Miedo, Stefan Zweig

Sigo con mi admiración a Zweig en mi segunda lectura de su obra, Miedo.

Irene, una mujer perteneciente a la alta burguesía vienesa, casada con un abogado y madre de dos niños, pasa sus días entre reuniones sociales, bailes, fiestas y compras. La gracilidad de su vida le aburre y, algo anodina, empieza una aventura con un joven pianista.

Los minutos de angustia que vive cada vez que sale del hogar de su amante por miedo a ser descubierta, se convierten en terror cuando, efectivamente, una mujer la reconoce. Aquí empieza su tormento.

A partir de este momento, los días alargan sus horas. Y en cada una de ellas, Irene espera el momento en el que se descubrirá todo el pastel. Está susceptible, irascible, miedosa y se da cuenta que en su antigua vida no había conciencia. Redescubre un marido al que antes no había mirado y unas rutinas banales que la desataban de cualquier afecto familiar. La infidelidad carece de importancia. Aquí, la duda existencial, es continuar con la mentira o decir la verdad.

“El miedo es peor que el castigo, porque este es algo determinado y, por severo que sea, no se puede comparar con el temor que despierta en nosotros lo incierto, una tensión espantosa, que no conoce límite. Al conocer su castigo, ha sentido un enorme alivio.
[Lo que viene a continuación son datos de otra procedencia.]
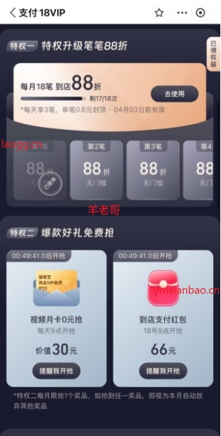 支付宝18VIP8.8折优惠18次
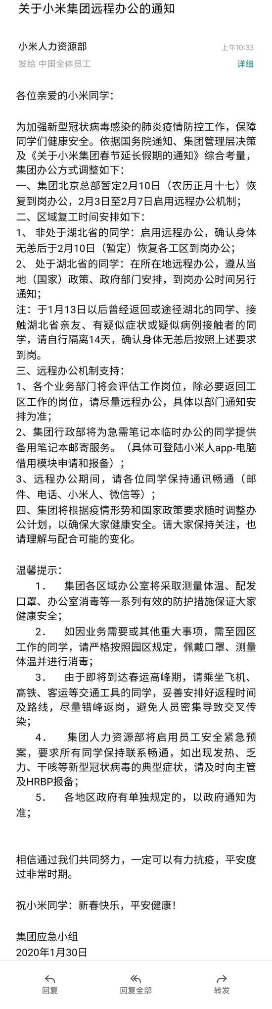 1月30日,小米发布了远程办公的通知,除湖北省以外的员工于2月3日起远程办公,2月10日起,确定身体无恙的员工到岗办公,而湖北省的员工则是持续远程办公,等待相关部门安排,小米也为需要笔记本电脑远程办公的员工提供了邮寄服务。
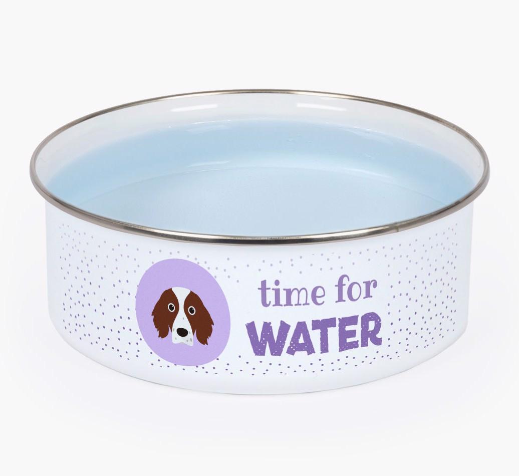 Time For Water: Personalized Enamel Irish Red & White Setter Bowl
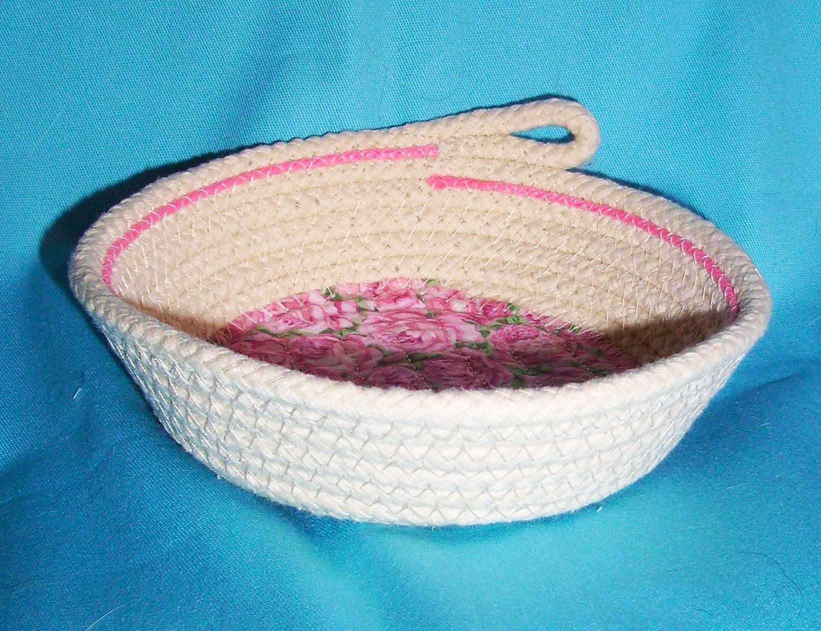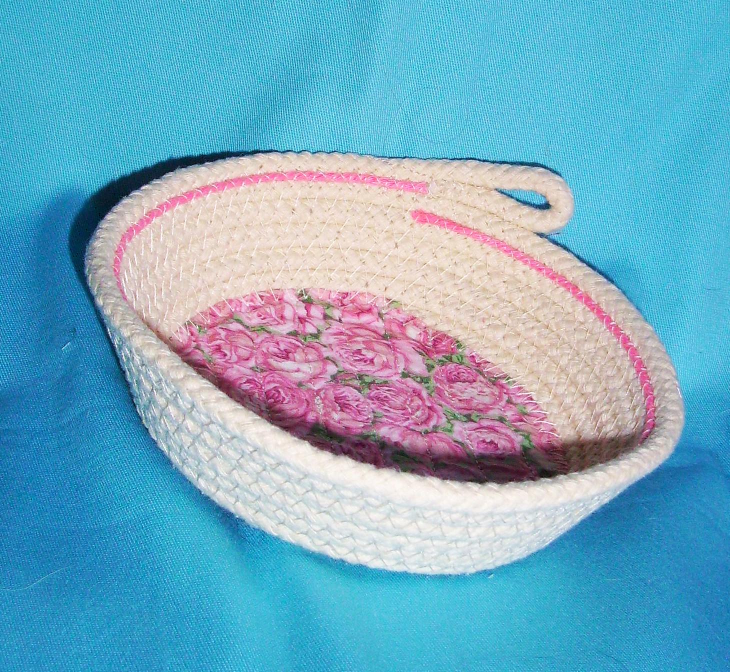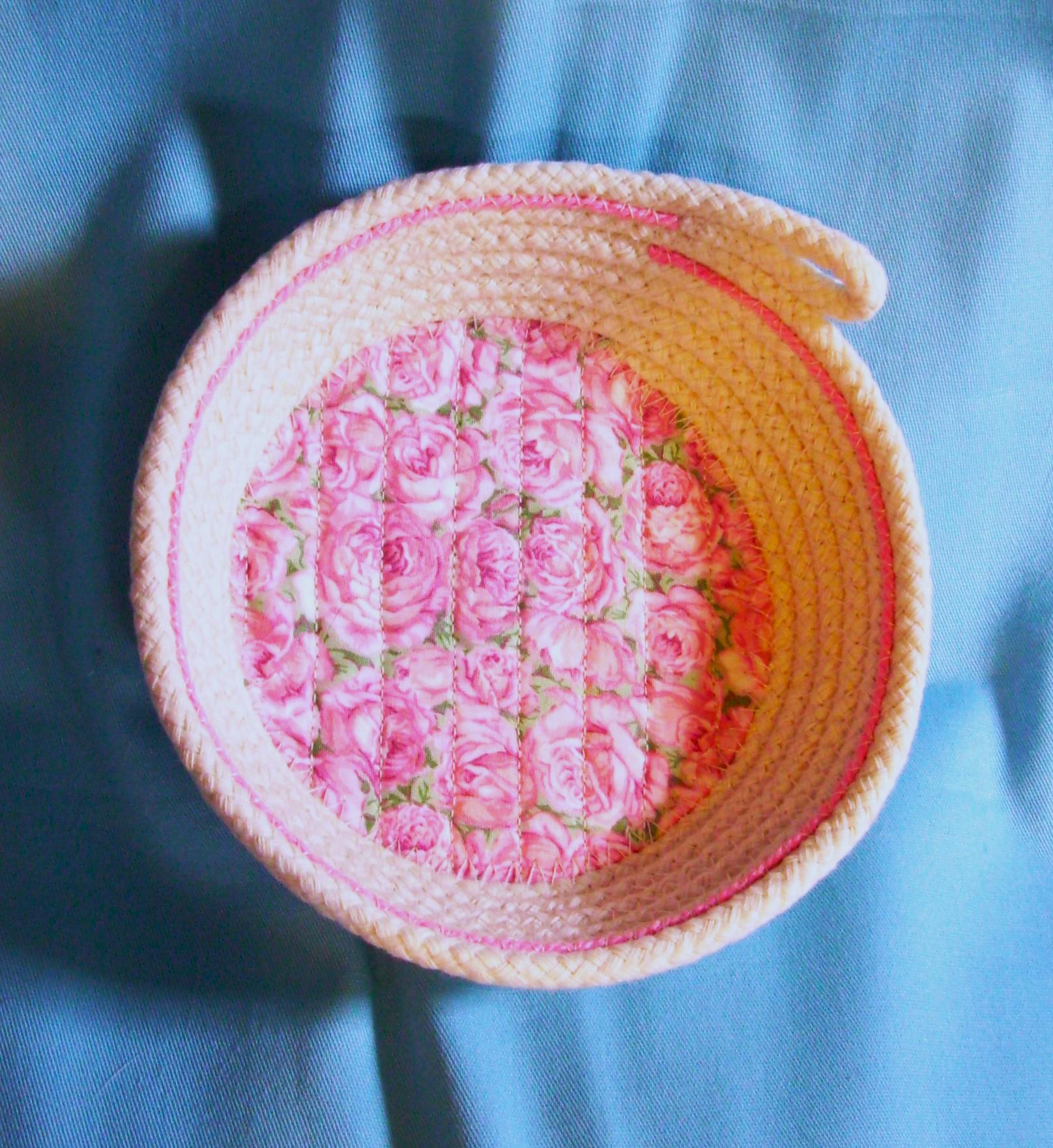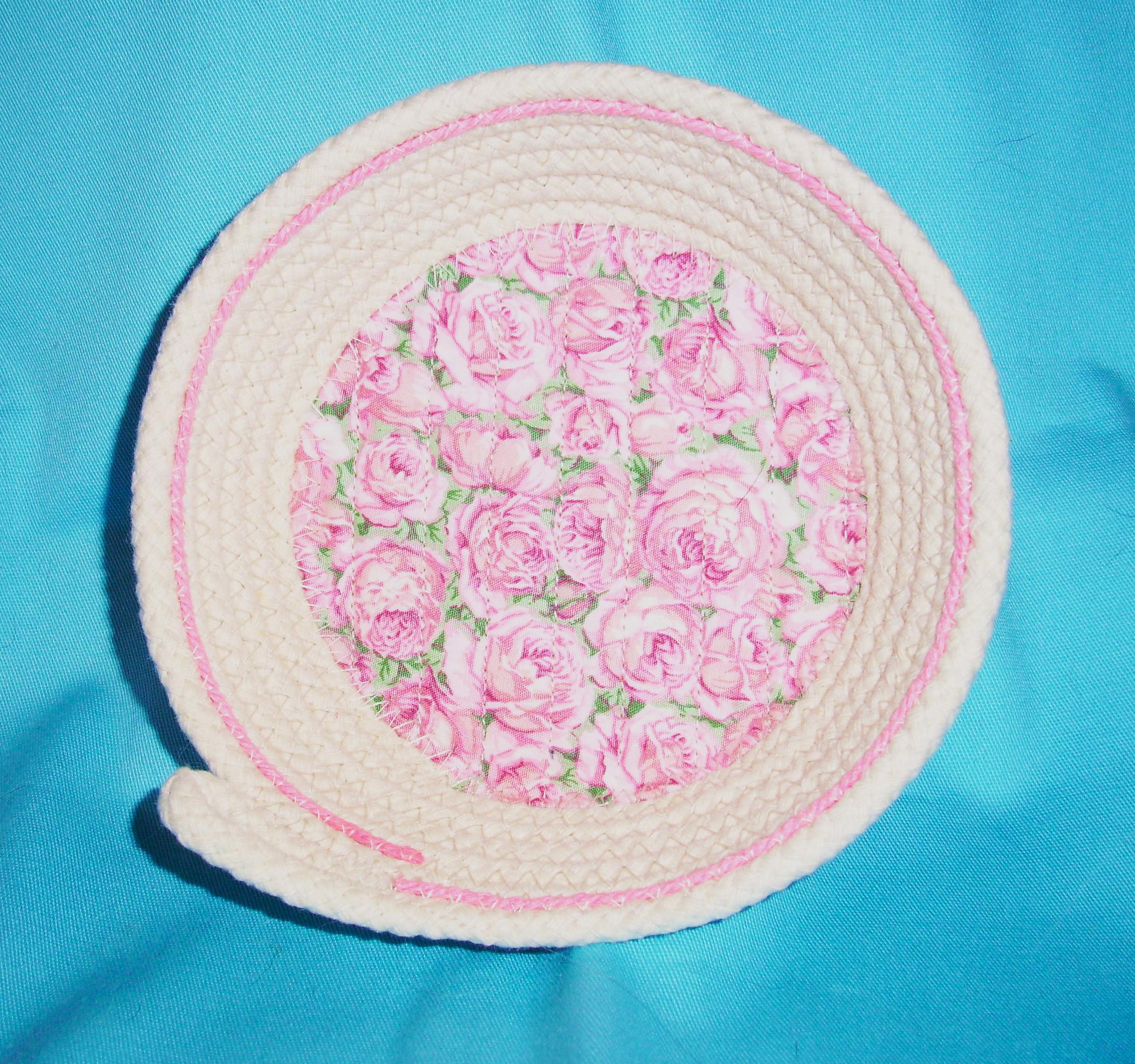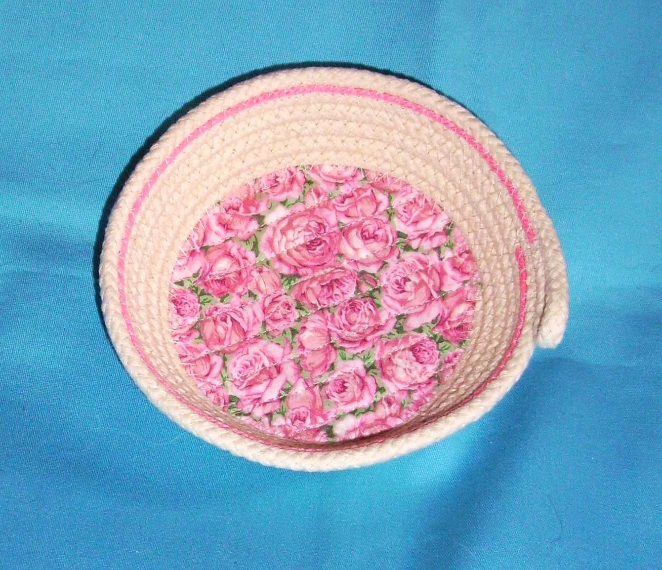 Old fashioned rose fabric in the bottom of this rope bowl makes a pretty gift for that special person. I have channel quilted the roses to give it more stability.
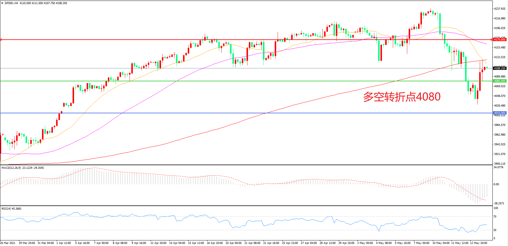 4小时图看,标普500探底回升,短期走势有所回暖,但200周期均线依然成为上方阻力,4080成为多起做支撑,MACD绿柱缩短,RSI指标走平,日内延续震荡概率较大。
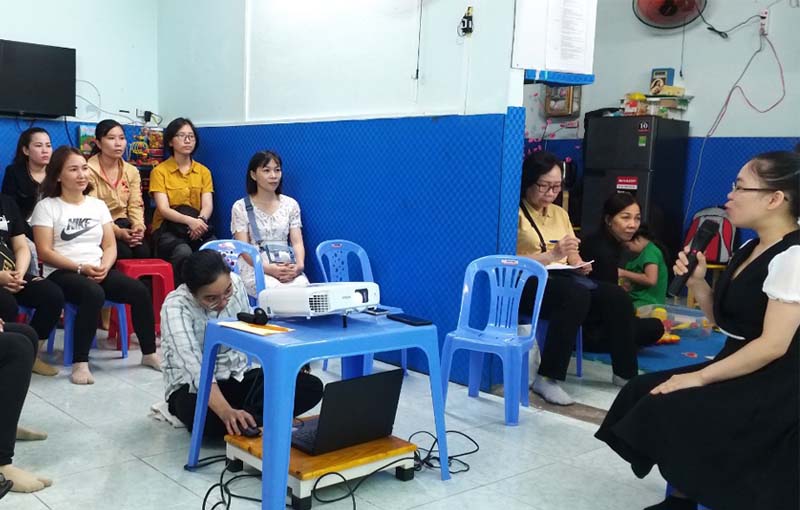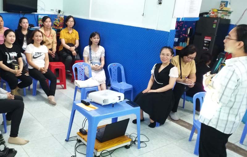 Các anh chị từ Trung tâm DRD đã giúp phụ huynh nắm rõ những quyền lợi luật pháp quy định dành cho NKT. Đồng thời giải đáp mọi thắc mắc về quyền lợi của các phụ huynh có con là NKT.
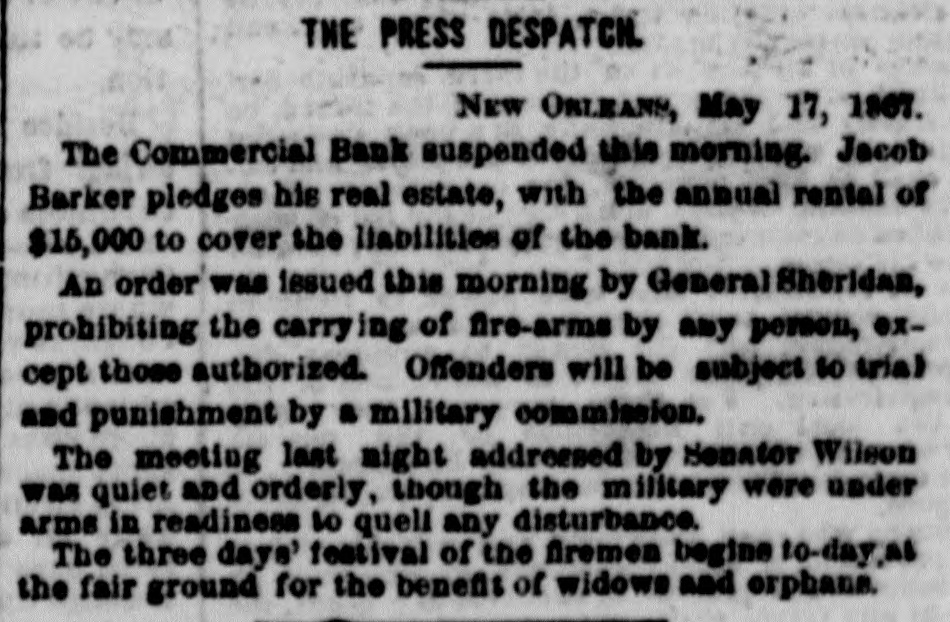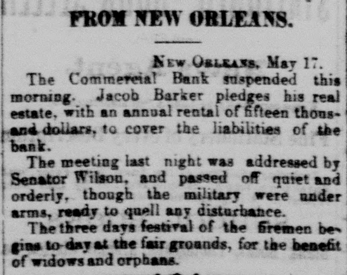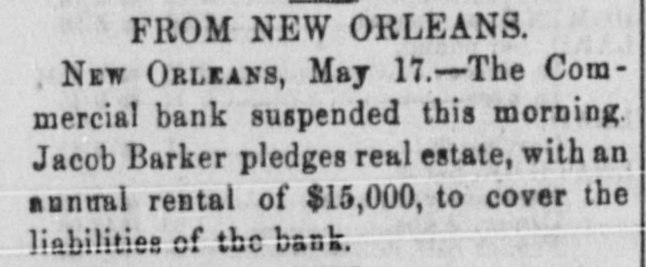 -The Commercial Bank of New-Orleans suspended payment Thursday morning. Jacob Barker pledges his real estate and an annual rental of $15,000 to cover the liabilities.
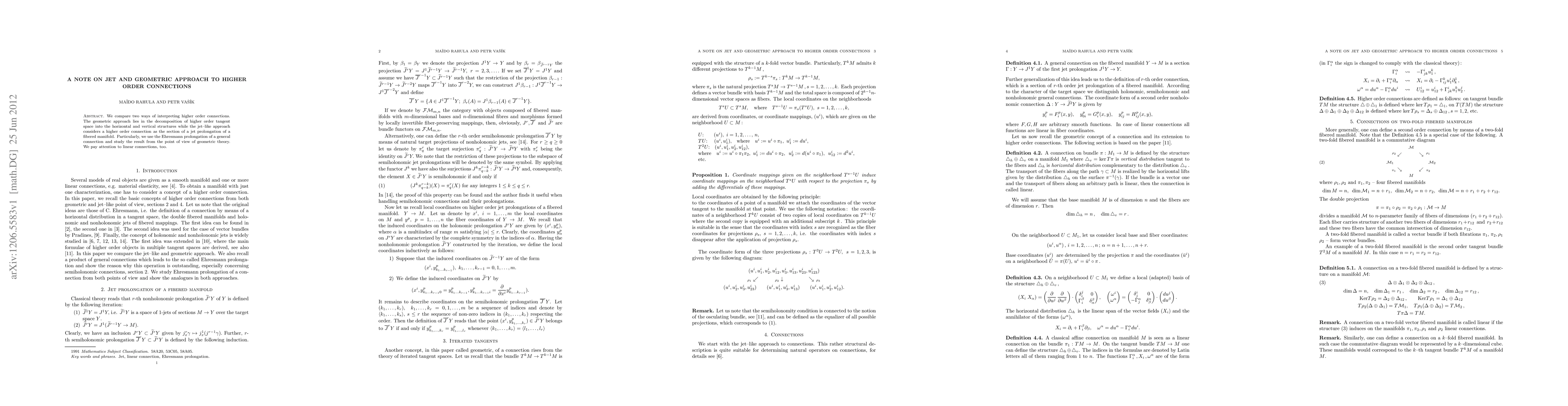 We compare two ways of interpreting higher order connections. The geometric approach lies in the decomposition of higher order tangent space into the horizontal and vertical structures while the jet--like approach considers a higher order connection as the section of a jet prolongation of a fibered manifold. Particularly, we use the Ehresmann prolongation of a general connection and study the result from the point of view of geometric theory. We pay attention to linear connections, too.
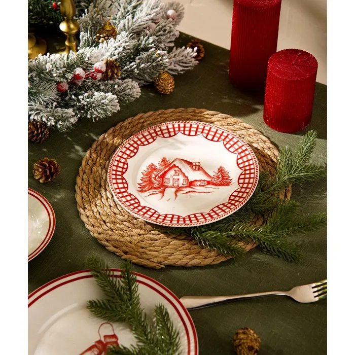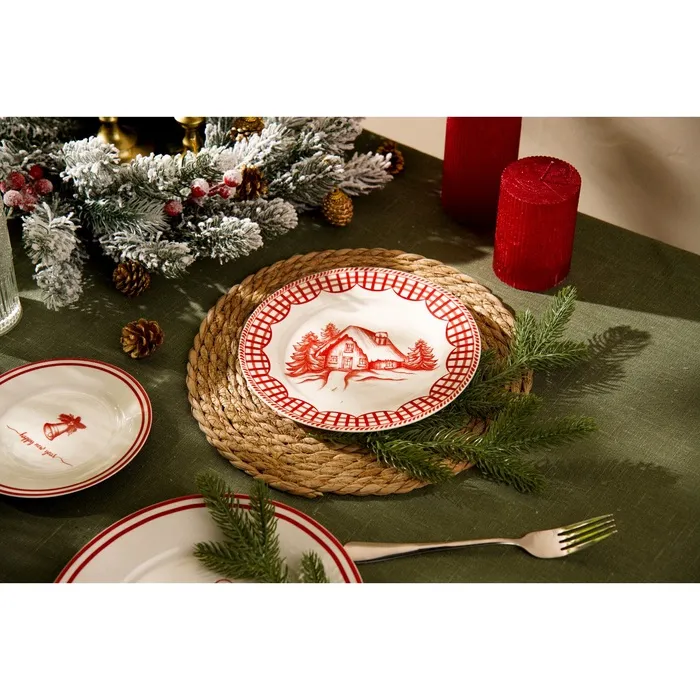 Изготовленная из качественного фарфора, эта тарелка отличается гладкой поверхностью и белым цветом, что позволяет легко комбинировать её с другими предметами сервировки. Яркий новогодний рисунок создает праздничное настроение и станет отличным акцентом на любом столе.

No debes dejarte engañar por sus lágrimas: ahora han aflorado, pero hace tiempo que las derramaba por dentro, y créeme cuando te digo que las lágrimas hacen mucho más daño dentro que fuera”.

140 páginas de una intensidad que no te dejan levantar de la silla. Qué gran capacidad la de Zweig para transmitir tanta angustia. Para encontrar la palabra exacta y la combinación perfecta.